What to work on:
Using the data below, print exactly the line with "为引导学生树立正确的成才观、", the line with "The distinguishing feature", and every line between them, but none of the pictures.

Provided data:

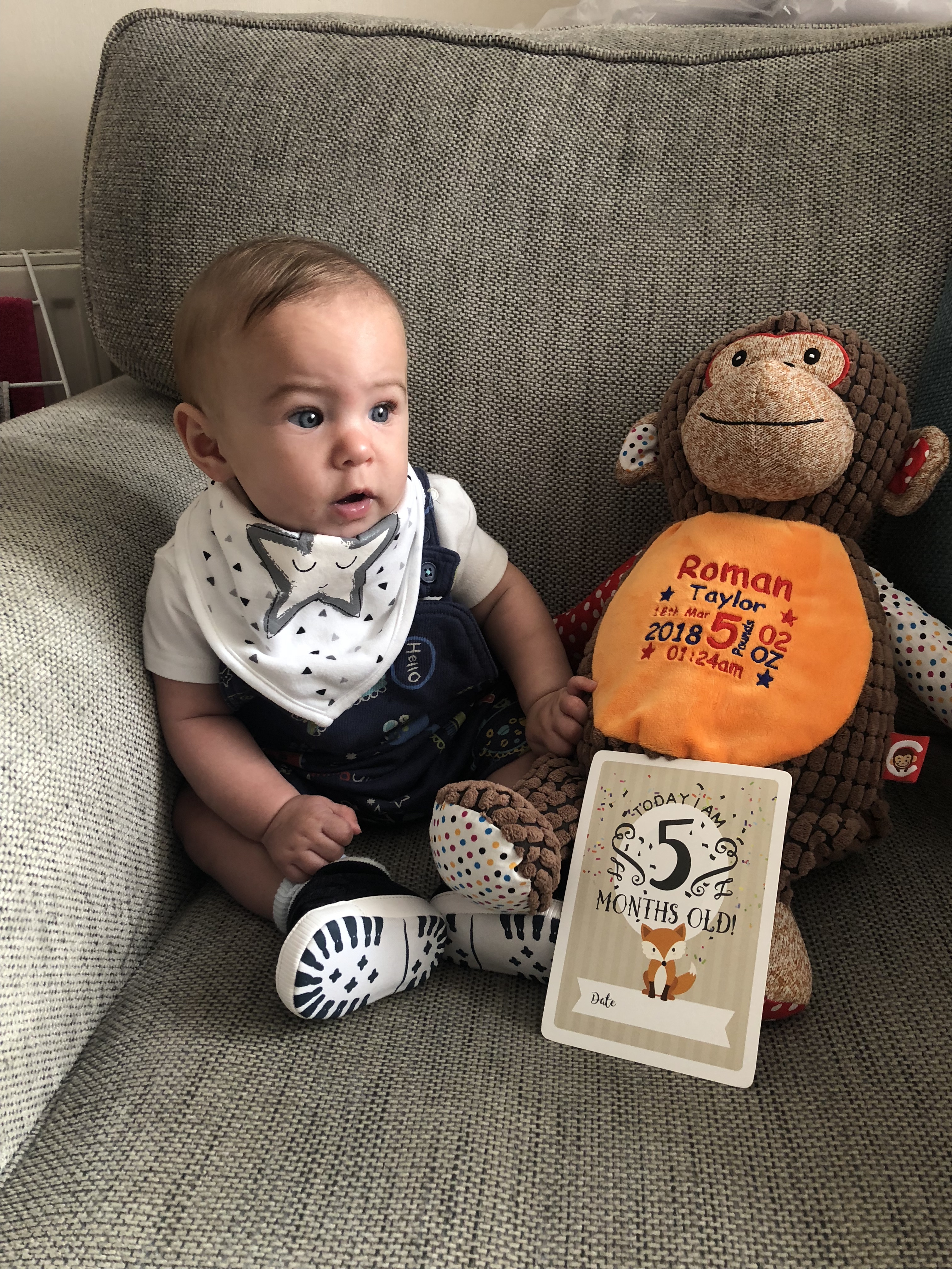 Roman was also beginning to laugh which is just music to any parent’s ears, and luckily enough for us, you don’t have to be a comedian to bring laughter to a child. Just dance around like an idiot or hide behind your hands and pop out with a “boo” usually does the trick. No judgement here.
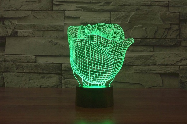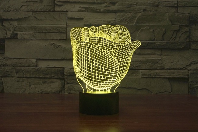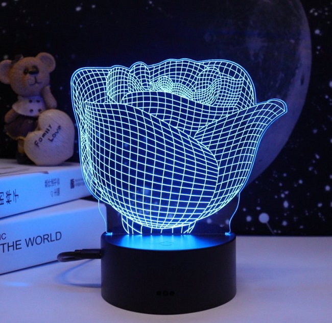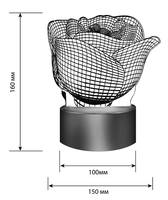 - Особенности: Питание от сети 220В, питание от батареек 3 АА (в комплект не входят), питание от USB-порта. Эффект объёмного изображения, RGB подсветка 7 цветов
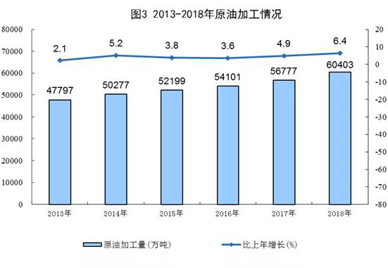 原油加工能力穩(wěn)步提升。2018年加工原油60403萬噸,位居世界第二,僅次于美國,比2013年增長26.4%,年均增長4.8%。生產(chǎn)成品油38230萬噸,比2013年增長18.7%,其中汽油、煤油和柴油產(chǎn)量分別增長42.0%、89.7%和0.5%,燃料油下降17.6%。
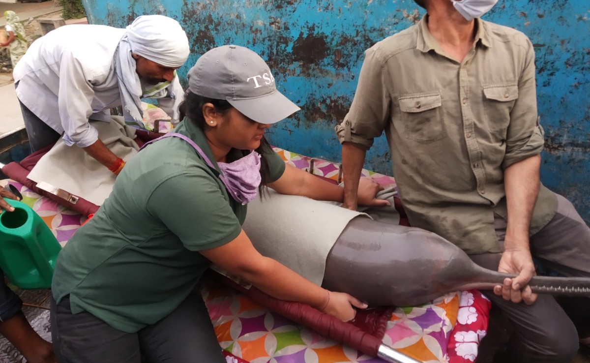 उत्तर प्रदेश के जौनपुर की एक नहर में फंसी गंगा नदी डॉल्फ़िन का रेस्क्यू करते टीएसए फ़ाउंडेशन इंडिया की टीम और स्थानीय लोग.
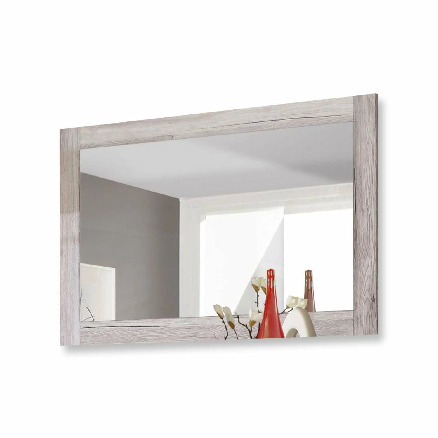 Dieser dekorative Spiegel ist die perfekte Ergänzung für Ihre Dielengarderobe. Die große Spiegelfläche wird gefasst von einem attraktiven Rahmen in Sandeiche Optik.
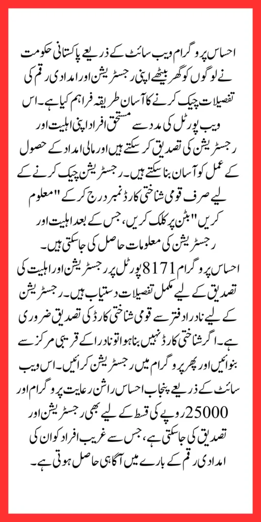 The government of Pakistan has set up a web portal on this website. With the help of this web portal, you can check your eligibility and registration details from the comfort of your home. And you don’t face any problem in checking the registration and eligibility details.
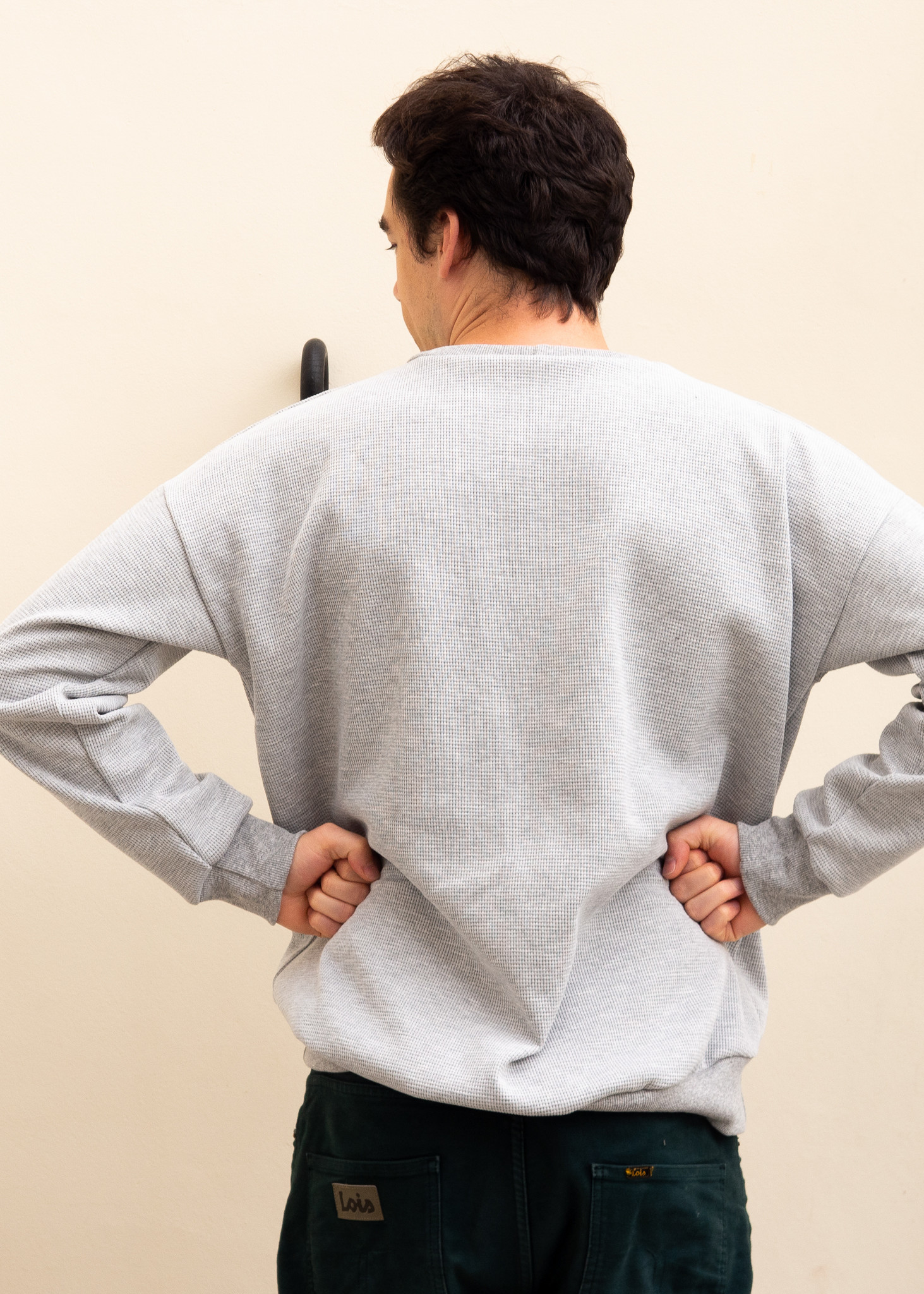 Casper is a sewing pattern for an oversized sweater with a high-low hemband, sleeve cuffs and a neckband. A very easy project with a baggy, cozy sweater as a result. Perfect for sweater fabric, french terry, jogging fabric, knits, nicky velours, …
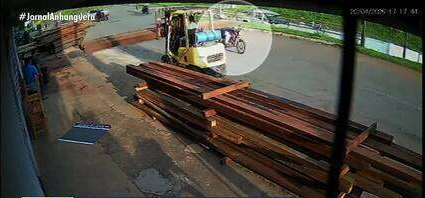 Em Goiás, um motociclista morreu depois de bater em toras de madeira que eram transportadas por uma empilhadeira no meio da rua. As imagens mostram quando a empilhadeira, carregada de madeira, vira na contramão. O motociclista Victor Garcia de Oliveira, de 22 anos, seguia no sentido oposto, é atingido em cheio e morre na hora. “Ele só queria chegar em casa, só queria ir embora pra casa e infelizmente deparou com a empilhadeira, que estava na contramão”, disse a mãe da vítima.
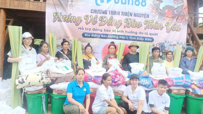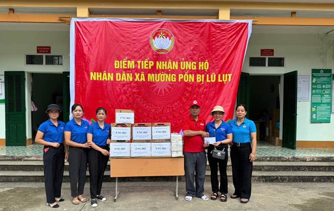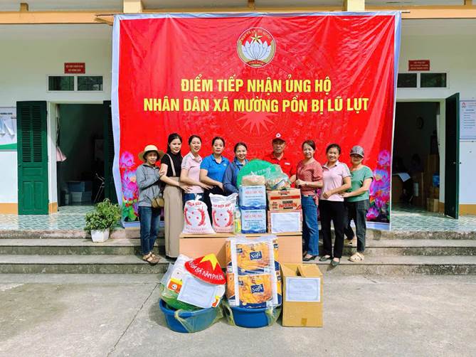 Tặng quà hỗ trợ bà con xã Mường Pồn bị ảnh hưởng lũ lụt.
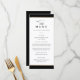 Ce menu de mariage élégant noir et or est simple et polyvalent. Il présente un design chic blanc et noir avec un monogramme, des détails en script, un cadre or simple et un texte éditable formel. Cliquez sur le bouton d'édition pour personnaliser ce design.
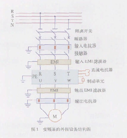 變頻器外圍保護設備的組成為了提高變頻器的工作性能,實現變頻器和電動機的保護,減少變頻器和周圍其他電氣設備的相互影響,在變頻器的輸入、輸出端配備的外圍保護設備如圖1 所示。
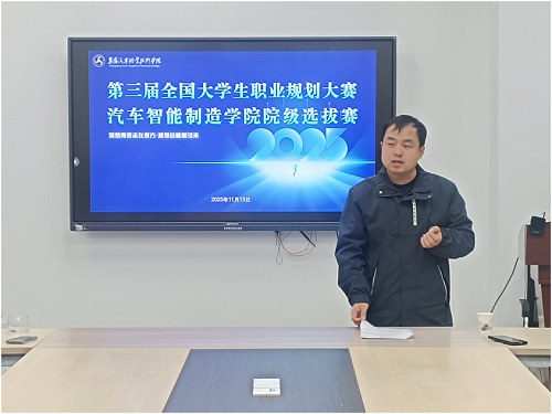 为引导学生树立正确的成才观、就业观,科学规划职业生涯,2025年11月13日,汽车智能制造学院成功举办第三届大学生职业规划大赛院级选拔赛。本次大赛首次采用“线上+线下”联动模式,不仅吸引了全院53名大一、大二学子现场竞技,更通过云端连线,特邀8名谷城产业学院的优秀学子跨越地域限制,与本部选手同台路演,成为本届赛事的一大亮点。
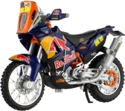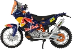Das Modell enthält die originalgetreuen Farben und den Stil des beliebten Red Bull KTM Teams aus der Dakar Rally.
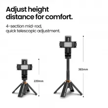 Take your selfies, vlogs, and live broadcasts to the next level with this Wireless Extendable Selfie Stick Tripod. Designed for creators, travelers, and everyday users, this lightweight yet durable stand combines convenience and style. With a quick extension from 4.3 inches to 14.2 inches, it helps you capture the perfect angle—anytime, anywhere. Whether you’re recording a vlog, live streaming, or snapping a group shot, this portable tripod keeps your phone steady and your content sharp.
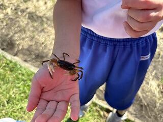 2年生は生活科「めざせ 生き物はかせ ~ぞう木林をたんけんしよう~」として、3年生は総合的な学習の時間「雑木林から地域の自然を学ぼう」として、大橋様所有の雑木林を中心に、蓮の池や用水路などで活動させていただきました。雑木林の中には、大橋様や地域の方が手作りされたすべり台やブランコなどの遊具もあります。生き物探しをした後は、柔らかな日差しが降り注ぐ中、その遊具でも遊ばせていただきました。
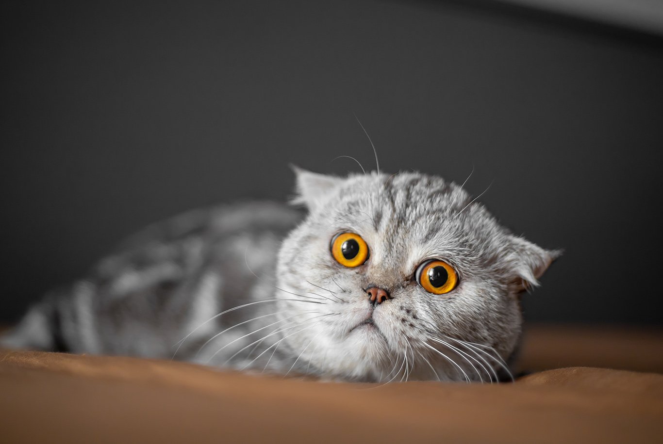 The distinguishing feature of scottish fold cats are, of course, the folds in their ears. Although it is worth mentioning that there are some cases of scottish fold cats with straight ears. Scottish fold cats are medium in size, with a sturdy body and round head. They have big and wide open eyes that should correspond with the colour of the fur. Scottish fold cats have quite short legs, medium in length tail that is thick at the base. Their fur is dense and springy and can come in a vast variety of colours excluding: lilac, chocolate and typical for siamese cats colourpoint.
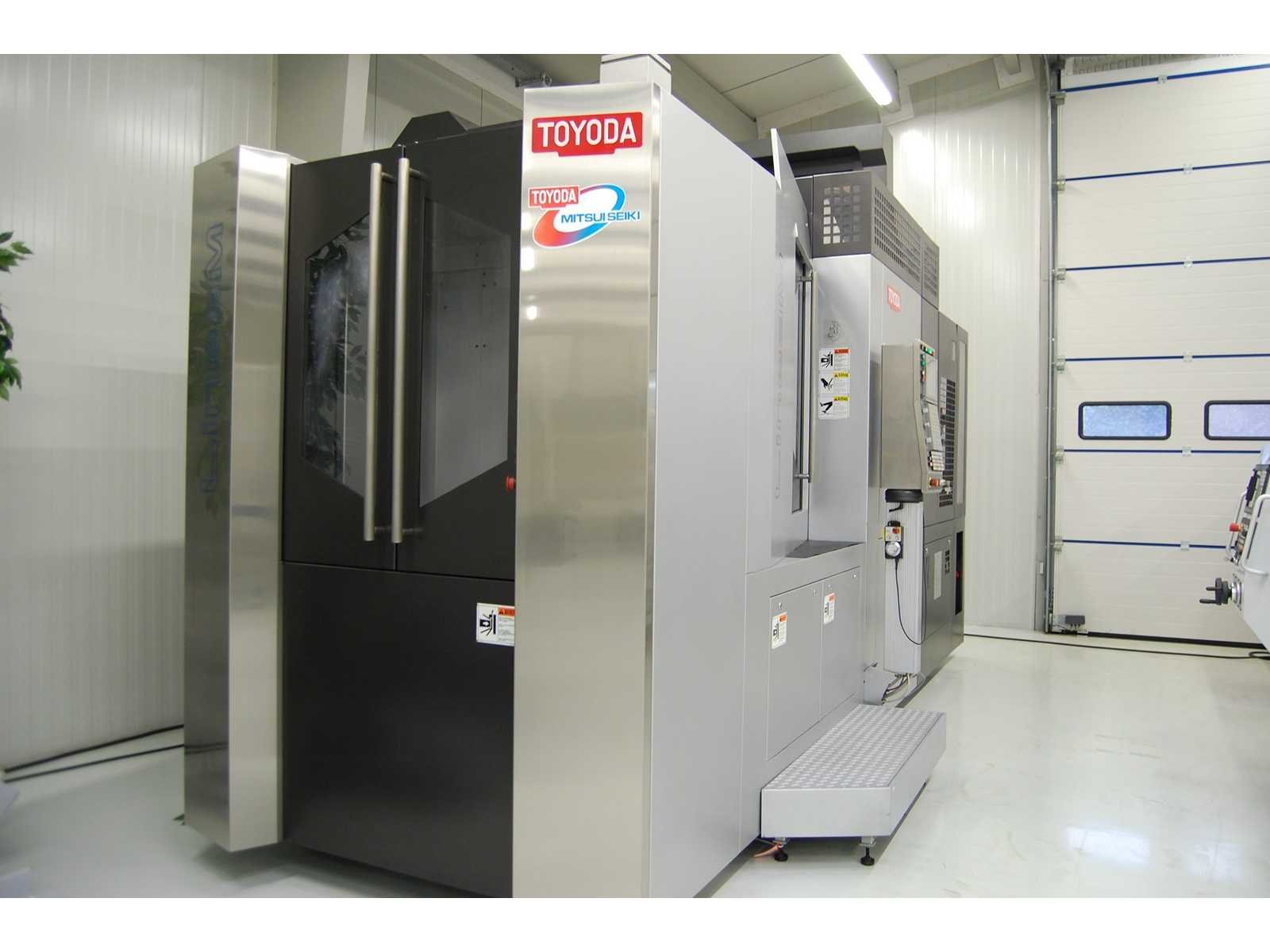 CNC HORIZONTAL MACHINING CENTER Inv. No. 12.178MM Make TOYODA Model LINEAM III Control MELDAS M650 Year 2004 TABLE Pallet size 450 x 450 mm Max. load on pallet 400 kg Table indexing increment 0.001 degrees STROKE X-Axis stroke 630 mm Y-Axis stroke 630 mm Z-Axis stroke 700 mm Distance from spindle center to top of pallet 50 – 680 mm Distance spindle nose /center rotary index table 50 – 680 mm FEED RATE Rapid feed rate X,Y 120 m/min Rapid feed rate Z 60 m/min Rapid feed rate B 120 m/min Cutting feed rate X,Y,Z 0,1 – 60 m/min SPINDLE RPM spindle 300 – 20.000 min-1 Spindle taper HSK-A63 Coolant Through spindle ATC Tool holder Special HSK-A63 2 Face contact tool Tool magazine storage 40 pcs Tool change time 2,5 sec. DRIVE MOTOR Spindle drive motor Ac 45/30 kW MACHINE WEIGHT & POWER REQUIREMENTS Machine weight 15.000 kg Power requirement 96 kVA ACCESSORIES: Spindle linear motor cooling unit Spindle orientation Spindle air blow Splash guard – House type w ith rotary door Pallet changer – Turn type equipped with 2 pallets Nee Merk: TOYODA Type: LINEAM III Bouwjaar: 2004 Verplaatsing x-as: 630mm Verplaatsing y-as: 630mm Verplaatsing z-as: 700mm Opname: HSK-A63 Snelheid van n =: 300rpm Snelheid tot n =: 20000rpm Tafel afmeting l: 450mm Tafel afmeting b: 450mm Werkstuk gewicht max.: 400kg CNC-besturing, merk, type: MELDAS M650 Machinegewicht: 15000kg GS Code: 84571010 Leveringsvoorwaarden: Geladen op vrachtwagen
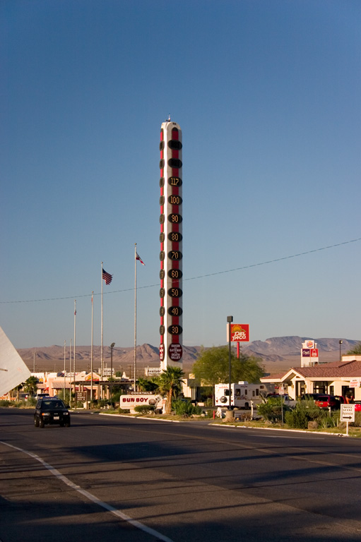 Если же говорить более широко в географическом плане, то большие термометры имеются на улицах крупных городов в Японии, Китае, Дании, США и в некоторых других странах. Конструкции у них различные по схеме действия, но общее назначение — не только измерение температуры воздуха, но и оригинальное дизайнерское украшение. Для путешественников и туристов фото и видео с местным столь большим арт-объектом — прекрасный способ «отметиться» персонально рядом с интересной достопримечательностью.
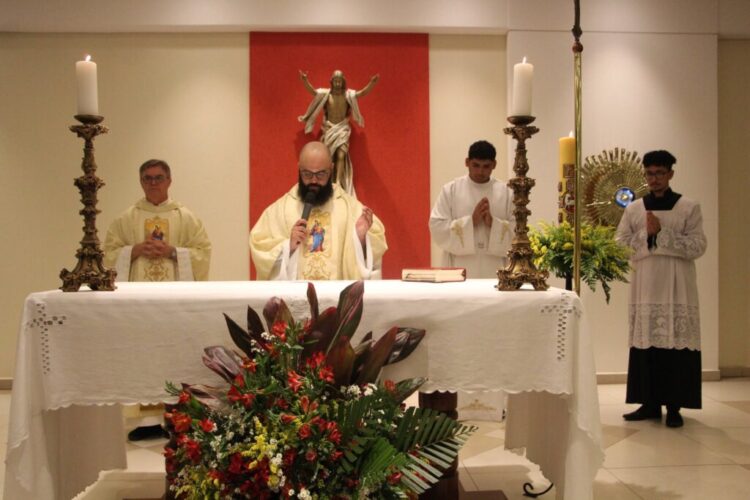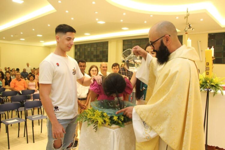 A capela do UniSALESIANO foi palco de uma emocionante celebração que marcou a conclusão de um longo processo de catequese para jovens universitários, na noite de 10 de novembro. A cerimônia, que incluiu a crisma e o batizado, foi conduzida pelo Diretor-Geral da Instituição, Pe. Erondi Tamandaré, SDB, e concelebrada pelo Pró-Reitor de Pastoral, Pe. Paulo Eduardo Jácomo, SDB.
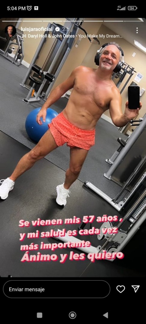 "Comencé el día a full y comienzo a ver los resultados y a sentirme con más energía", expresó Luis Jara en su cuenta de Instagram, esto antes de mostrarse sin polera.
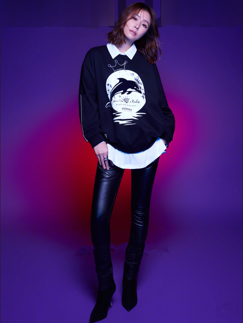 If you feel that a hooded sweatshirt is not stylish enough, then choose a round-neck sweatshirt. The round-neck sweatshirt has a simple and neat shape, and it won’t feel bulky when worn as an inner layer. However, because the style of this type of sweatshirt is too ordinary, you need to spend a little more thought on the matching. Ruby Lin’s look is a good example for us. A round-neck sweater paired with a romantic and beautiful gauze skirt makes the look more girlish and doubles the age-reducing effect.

Result below:
 为引导学生树立正确的成才观、就业观,科学规划职业生涯,2025年11月13日,汽车智能制造学院成功举办第三届大学生职业规划大赛院级选拔赛。本次大赛首次采用“线上+线下”联动模式,不仅吸引了全院53名大一、大二学子现场竞技,更通过云端连线,特邀8名谷城产业学院的优秀学子跨越地域限制,与本部选手同台路演,成为本届赛事的一大亮点。
Das Modell enthält die originalgetreuen Farben und den Stil des beliebten Red Bull KTM Teams aus der Dakar Rally.
 Take your selfies, vlogs, and live broadcasts to the next level with this Wireless Extendable Selfie Stick Tripod. Designed for creators, travelers, and everyday users, this lightweight yet durable stand combines convenience and style. With a quick extension from 4.3 inches to 14.2 inches, it helps you capture the perfect angle—anytime, anywhere. Whether you’re recording a vlog, live streaming, or snapping a group shot, this portable tripod keeps your phone steady and your content sharp.
 2年生は生活科「めざせ 生き物はかせ ~ぞう木林をたんけんしよう~」として、3年生は総合的な学習の時間「雑木林から地域の自然を学ぼう」として、大橋様所有の雑木林を中心に、蓮の池や用水路などで活動させていただきました。雑木林の中には、大橋様や地域の方が手作りされたすべり台やブランコなどの遊具もあります。生き物探しをした後は、柔らかな日差しが降り注ぐ中、その遊具でも遊ばせていただきました。
 The distinguishing feature of scottish fold cats are, of course, the folds in their ears. Although it is worth mentioning that there are some cases of scottish fold cats with straight ears. Scottish fold cats are medium in size, with a sturdy body and round head. They have big and wide open eyes that should correspond with the colour of the fur. Scottish fold cats have quite short legs, medium in length tail that is thick at the base. Their fur is dense and springy and can come in a vast variety of colours excluding: lilac, chocolate and typical for siamese cats colourpoint.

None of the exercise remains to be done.